### [WHAT YOU SHOULD DO]
Retype only what runs from the first line of the records to the line with "美脚効果のある丈感とすっきり", inclusive, and no pictures.

### [RECORD EXCERPTS]
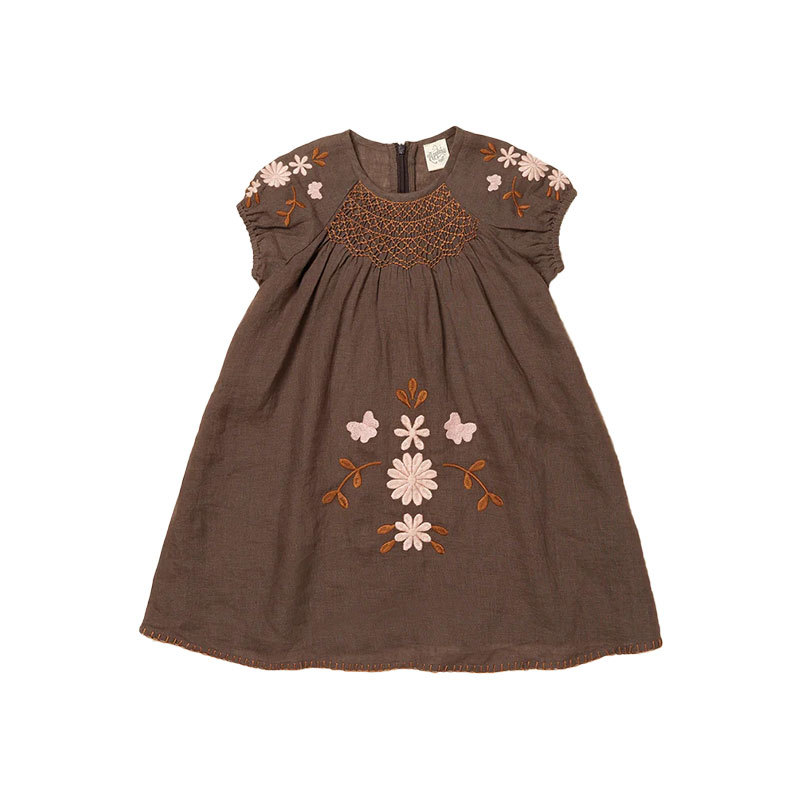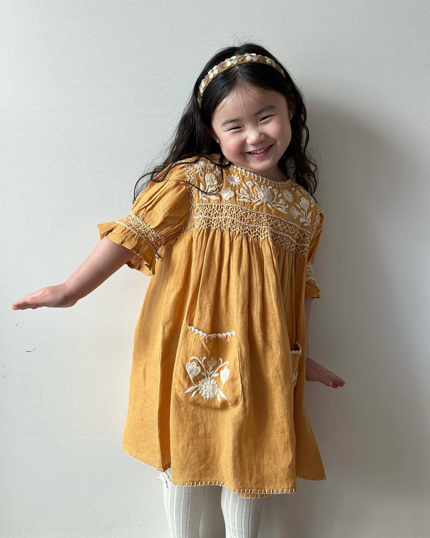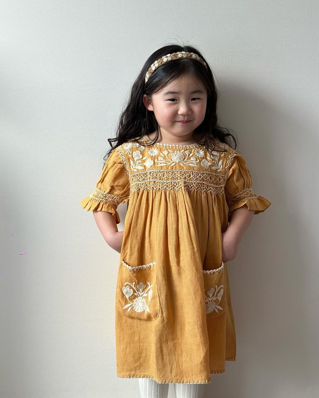 • 다크 브라운 노란색 자수 원피스 [스팟]]
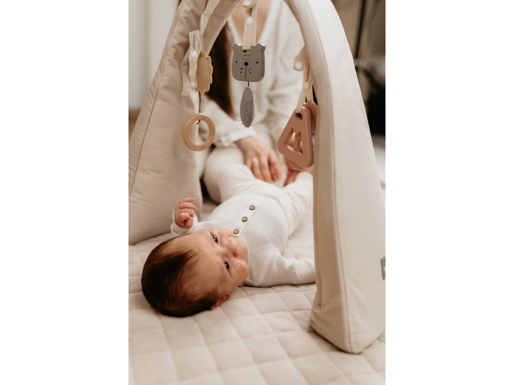 Hrazdička Sleepee je multifunkční a můžete ji využít nejen jako součást hnízdečka, ale také samostatně na hrací dece, posteli nebo gauči.
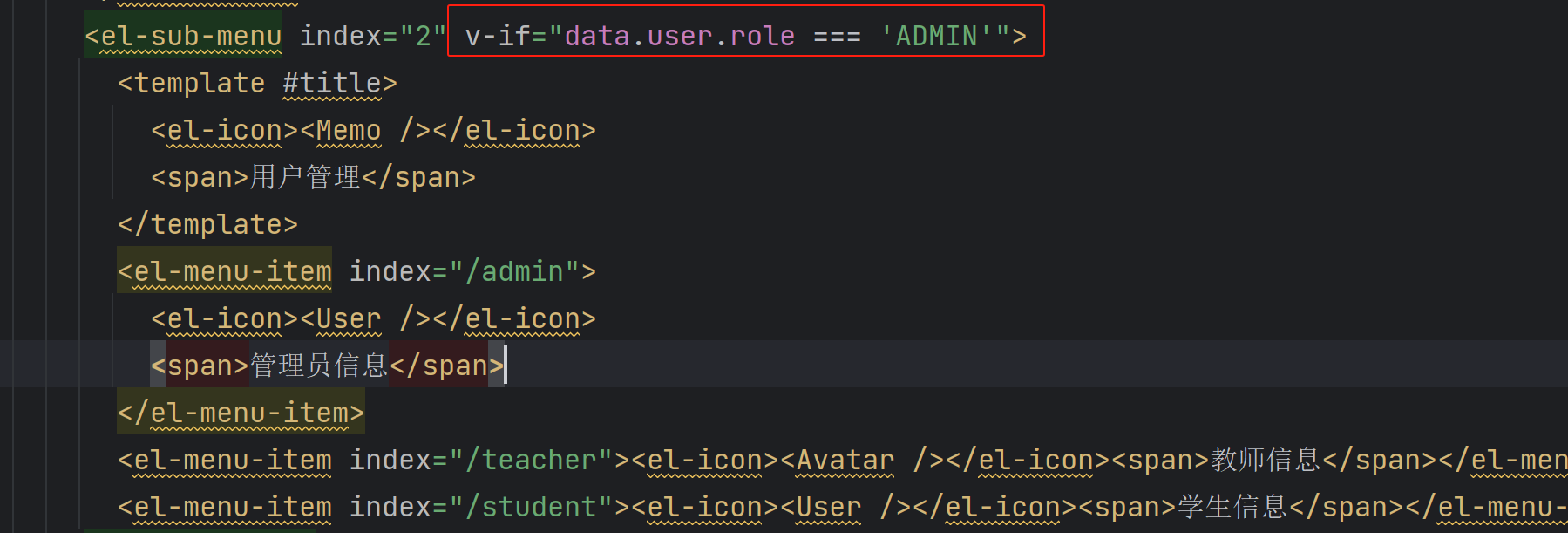XML <el-menu-item v-if="data.user.role === 'ADMIN'" index="/person"><el-icon><User /></el-icon><span>个人资料</span></el-menu-item> <el-menu-item v-if="data.user.role === 'TEACHER'" index="/tPerson"><el-icon><User /></el-icon><span>个人资料</span></el-menu-item> <el-menu-item v-if="data.user.role === 'STUDENT'" index="/sPerson"><el-icon><User /></el-icon><span>个人资料</span></el-menu-item>
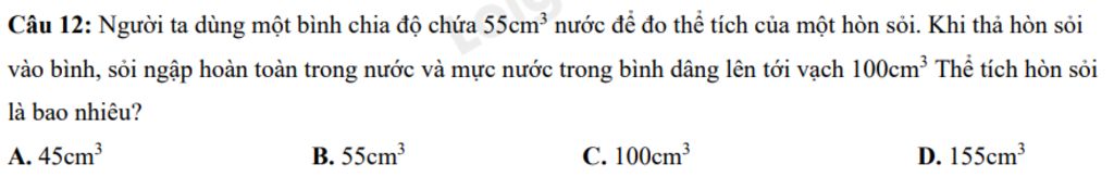 Câu 12: Người ta dùng một bình chia độ chứa 55cm3 nước để đo thể tích của một hòn sỏi. Khi thả hòn sỏi vào bình, sỏi ngập hoàn toàn trong nước và mực nước trong bình dâng lên tới vạch 100cm3 Thể tích hòn sỏi là bao nhiêu?
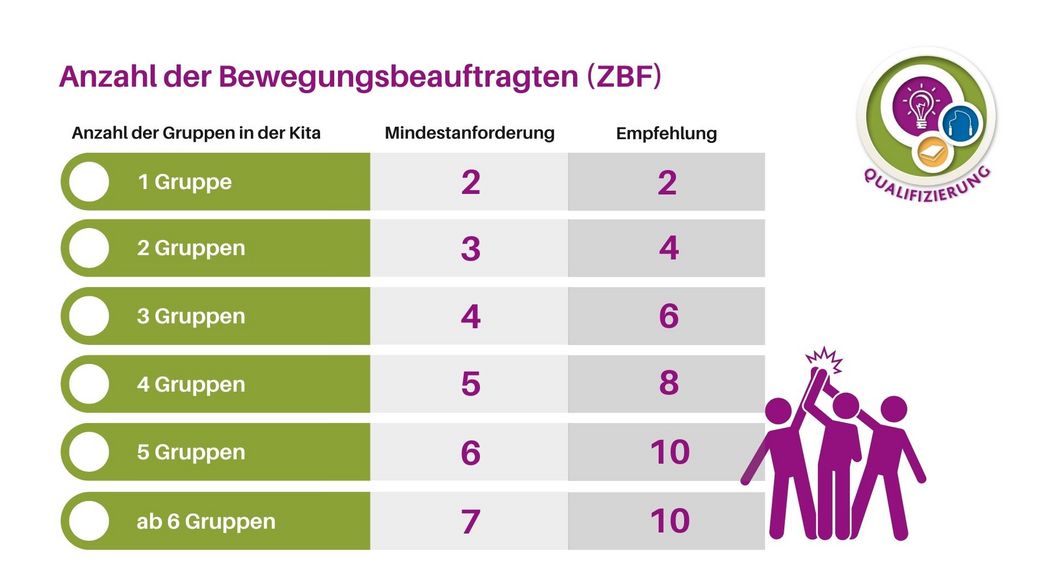 Je nach Gruppenanzahl legt die Kita Bewegungsbeauftrage fest. Die Bewegungsbeauftragten müssen das Zertifikat "Bewegungsförderung in Sportverein und Kita" vorweisen. Es besteht die Möglichkeit andere Ausbildungen ebenfalls anzuerkennen. Sprechen Sie uns hierzu an!
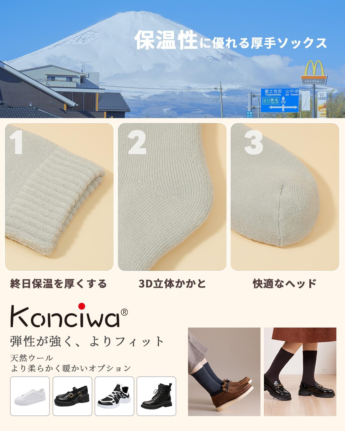 [konciwa] 靴下 メンズ 冬 厚手【極暖38℃恒温・極厚裏パイル・ウール素材・360°蓄熱】 ソックス ウールソックス 防寒 保温 消臭 耐久性 伸縮性 室内 アウトドア 登山 キャンプ 24-28㎝ 3足-5足セット
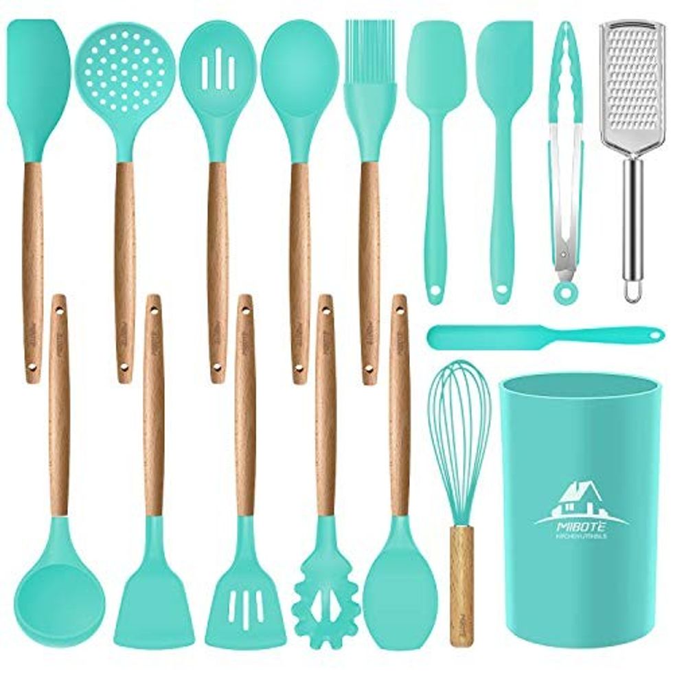 With their non-stick silicone heads and sleek bamboo handles, these utensils are sure to become a welcome addition in any kitchen. Each set covers all the bases, as it includes rubber spatulas, a whisk, cheese grater, tongs, and more. Plus, you also get a caddy to keep them all stored together.
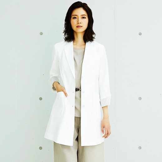 美脚効果のある丈感とすっきりスマートな印象。美シルエットの極みのレディス診察衣です。
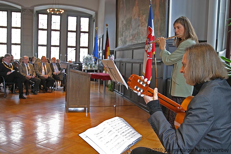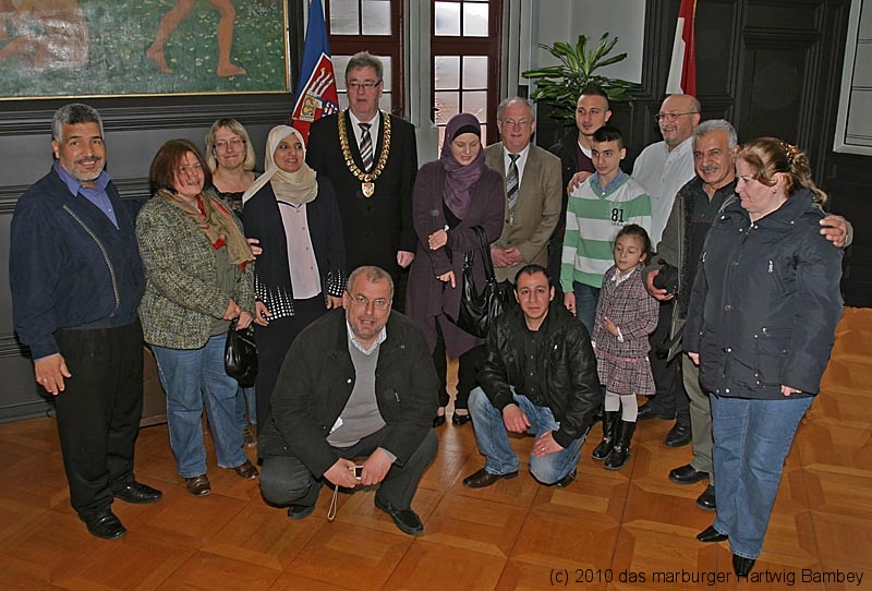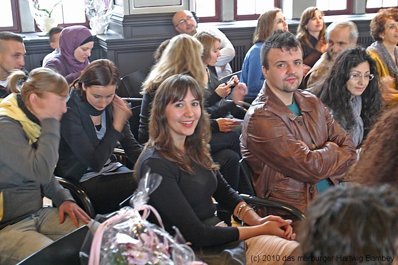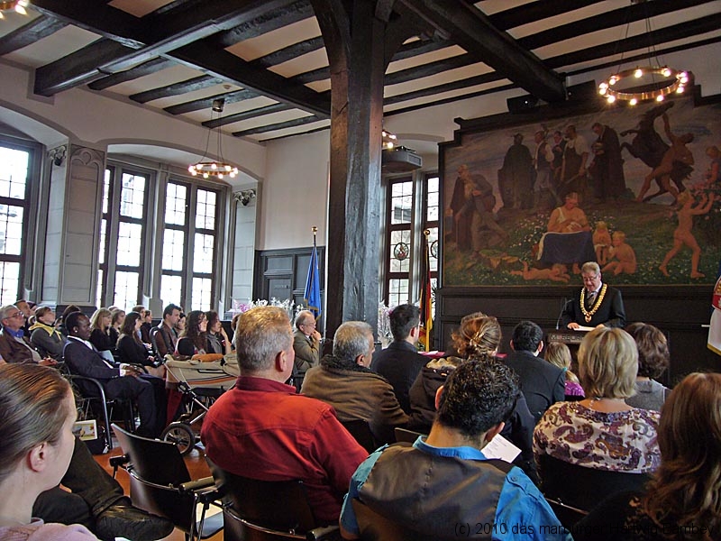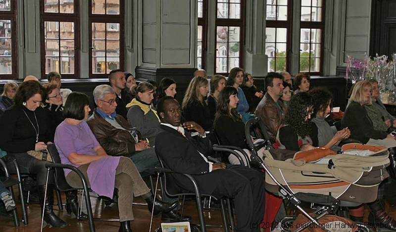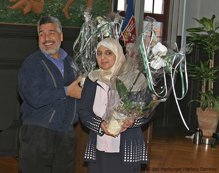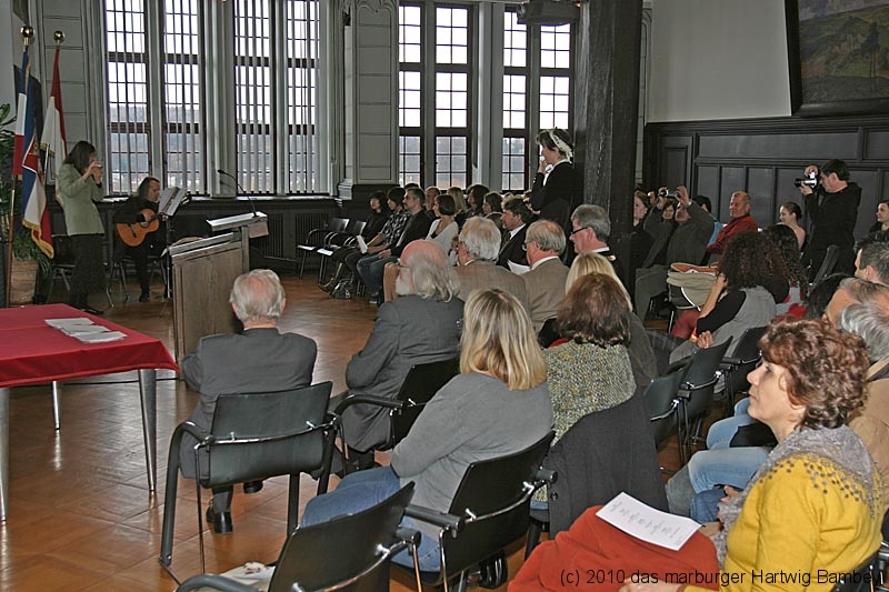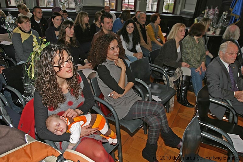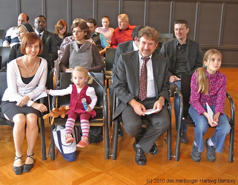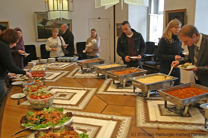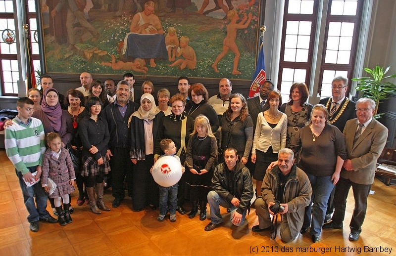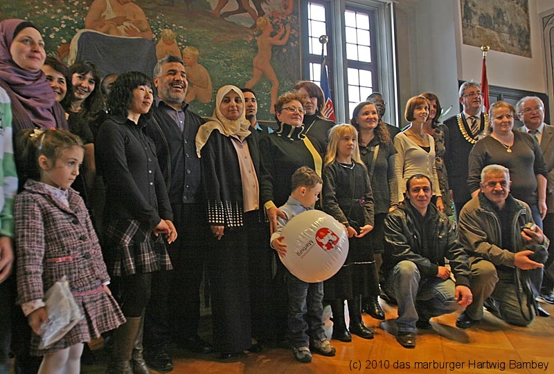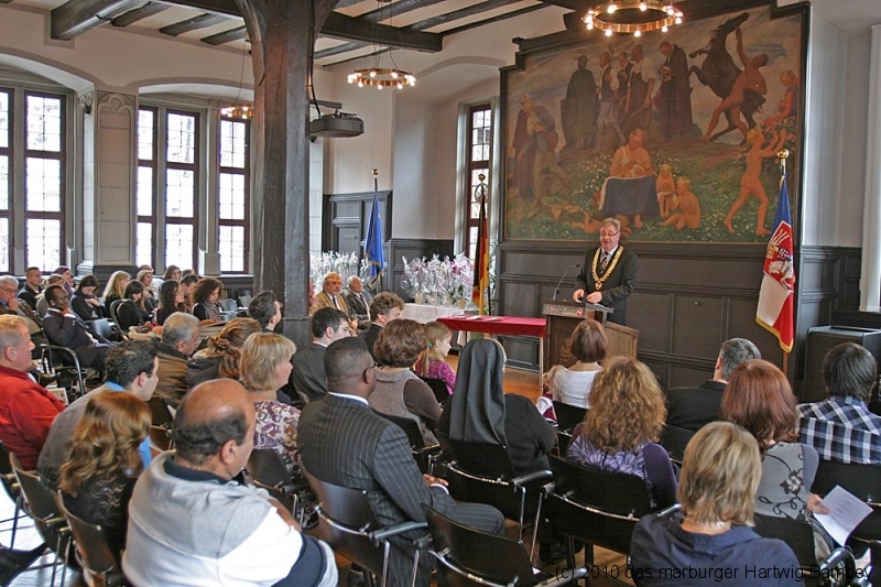 Marburg 7.11.2011 (yb) Im Jahr 2010 hat Marburg und damit die gesamte Republik 130 Neubürger auf dem Weg der Einbürgerung gewonnen. Dass es sich bei und mit diesen 130 frischgebackenen Deutschen Staatsbürgern um einen wirklichen Gewinn handelt, dafür war das Einbürgerungsfest im Rathaus bester Beleg. Etwa 20 der Neubürger waren gekommen und es war einfach – man konnte und brauchte die Menschen einfach nur erleben. Ob zurückhaltend oder vor Freude strahlend, ob unauffällig oder festlich gekleidet, es ließen sich verschiedene Persönlichkeiten, Eigenarten und Umgangsweisen wahrnehmen. Gemeinsam sind diesen neuen Marburger Bürgerinnen und Bürgern ihre positive Einstellung zu dieser Republik, ihrer Kultur und viele Einbringungen aus ihrer Herkunft, Prägung, beruflichen Qualifikationen und offen sympathischen Menschlichkeit. Nach den Worten erst einmal Bilder.
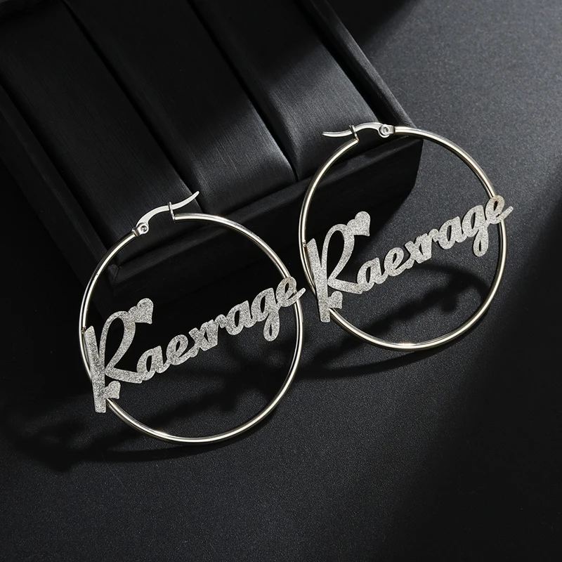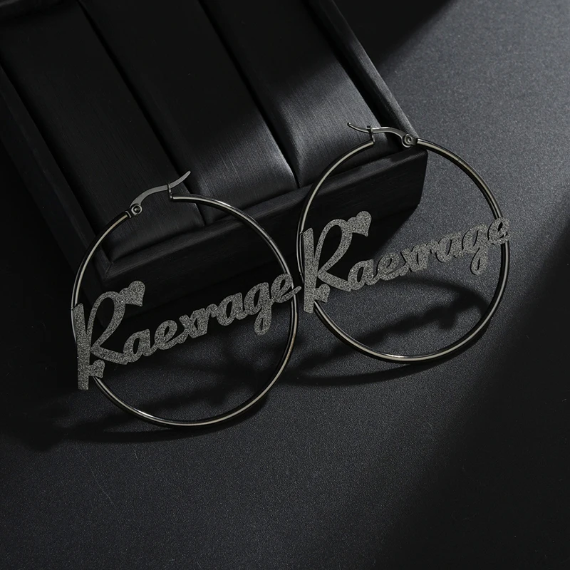 1 пара, серьги-кольца из нержавеющей стали с надписью
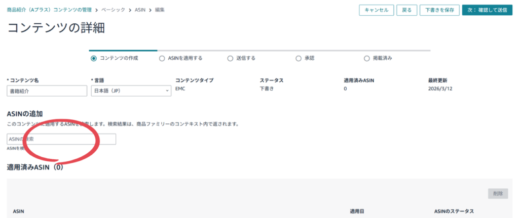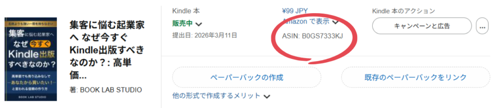作成が終わったら、この部分に該当の本のASINを入力します。
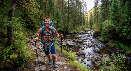 Panorama of South Fork of the hoh River Trail in Olympic
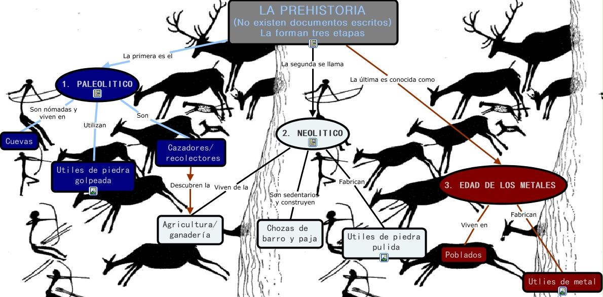 Este Cmap, tiene información relacionada con: Cmap 3, Cazadores/ recolectores Descubren la Agricultura/ ganadería, 3. EDAD DE LOS METALES Viven en Poblados, 2. NEOLITICO Viven de la Agricultura/ ganadería, 1. PALEOLITICO Son Cazadores/ recolectores, 2. NEOLITICO Fabrican Utiles de piedra pulida, 2. NEOLITICO Son sedentarios y construyen Chozas de barro y paja, LA PREHISTORIA (No existen documentos escritos) La forman tres etapas La primera es el 1. PALEOLITICO, 3. EDAD DE LOS METALES Fabrican Utlies de metal, 1. PALEOLITICO Utilizan Utiles de piedra golpeada, 1. PALEOLITICO Son nómadas y viven en Cuevas, LA PREHISTORIA (No existen documentos escritos) La forman tres etapas La última es conocida como 3. EDAD DE LOS METALES, LA PREHISTORIA (No existen documentos escritos) La forman tres etapas La segunda se llama 2. NEOLITICO
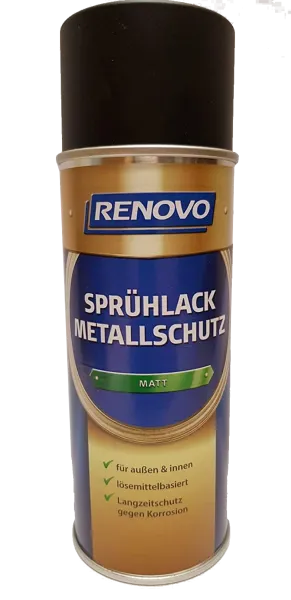 schnell trocknender Qualitätssprühlack kratz-, stoß- & schlagfest wetterbeständig   Eigenschaften Marke: RENOVO Farbe: schwarz Anwendungsbereich: Holz, Metall und Kunsstoff Einsatzbereich: innen & außen Glanzgrad: matt Gebindeart: Sprühdose Optik/Effekt: Matt-Effekt Geeignet für: Für Neu- und Renovierungsanstriche Besonderheiten: Schnell trocknend, kratz-, stoß- und schlagfest. Anwendung: Sprühen Durchgehärtet nach ca.: 12 Std. UN/BAM-Zulassung: 1950 Anwendungsbereich: Holz, Pappe, Stein, Metall und Kunststoff (PP und PE)   Technische Daten Gebindegröße: 400 ml Untergrundeignung: Granit Viskosität: flüssig Anstrichart: deckend Gebrauchsfertig: Ja Deckkraft: Hoch Verbrauch: Ca. 200 ml/m² je Schicht Untergrundbeschaffenheit: Trocken, Fest, Sauber, Frei von trennenden/färbenden…

### [ANSWER FOR THIS EXERCISE]
 • 다크 브라운 노란색 자수 원피스 [스팟]]
 Hrazdička Sleepee je multifunkční a můžete ji využít nejen jako součást hnízdečka, ale také samostatně na hrací dece, posteli nebo gauči.
XML <el-menu-item v-if="data.user.role === 'ADMIN'" index="/person"><el-icon><User /></el-icon><span>个人资料</span></el-menu-item> <el-menu-item v-if="data.user.role === 'TEACHER'" index="/tPerson"><el-icon><User /></el-icon><span>个人资料</span></el-menu-item> <el-menu-item v-if="data.user.role === 'STUDENT'" index="/sPerson"><el-icon><User /></el-icon><span>个人资料</span></el-menu-item>
 Câu 12: Người ta dùng một bình chia độ chứa 55cm3 nước để đo thể tích của một hòn sỏi. Khi thả hòn sỏi vào bình, sỏi ngập hoàn toàn trong nước và mực nước trong bình dâng lên tới vạch 100cm3 Thể tích hòn sỏi là bao nhiêu?
 Je nach Gruppenanzahl legt die Kita Bewegungsbeauftrage fest. Die Bewegungsbeauftragten müssen das Zertifikat "Bewegungsförderung in Sportverein und Kita" vorweisen. Es besteht die Möglichkeit andere Ausbildungen ebenfalls anzuerkennen. Sprechen Sie uns hierzu an!
 [konciwa] 靴下 メンズ 冬 厚手【極暖38℃恒温・極厚裏パイル・ウール素材・360°蓄熱】 ソックス ウールソックス 防寒 保温 消臭 耐久性 伸縮性 室内 アウトドア 登山 キャンプ 24-28㎝ 3足-5足セット
 With their non-stick silicone heads and sleek bamboo handles, these utensils are sure to become a welcome addition in any kitchen. Each set covers all the bases, as it includes rubber spatulas, a whisk, cheese grater, tongs, and more. Plus, you also get a caddy to keep them all stored together.
 美脚効果のある丈感とすっきりスマートな印象。美シルエットの極みのレディス診察衣です。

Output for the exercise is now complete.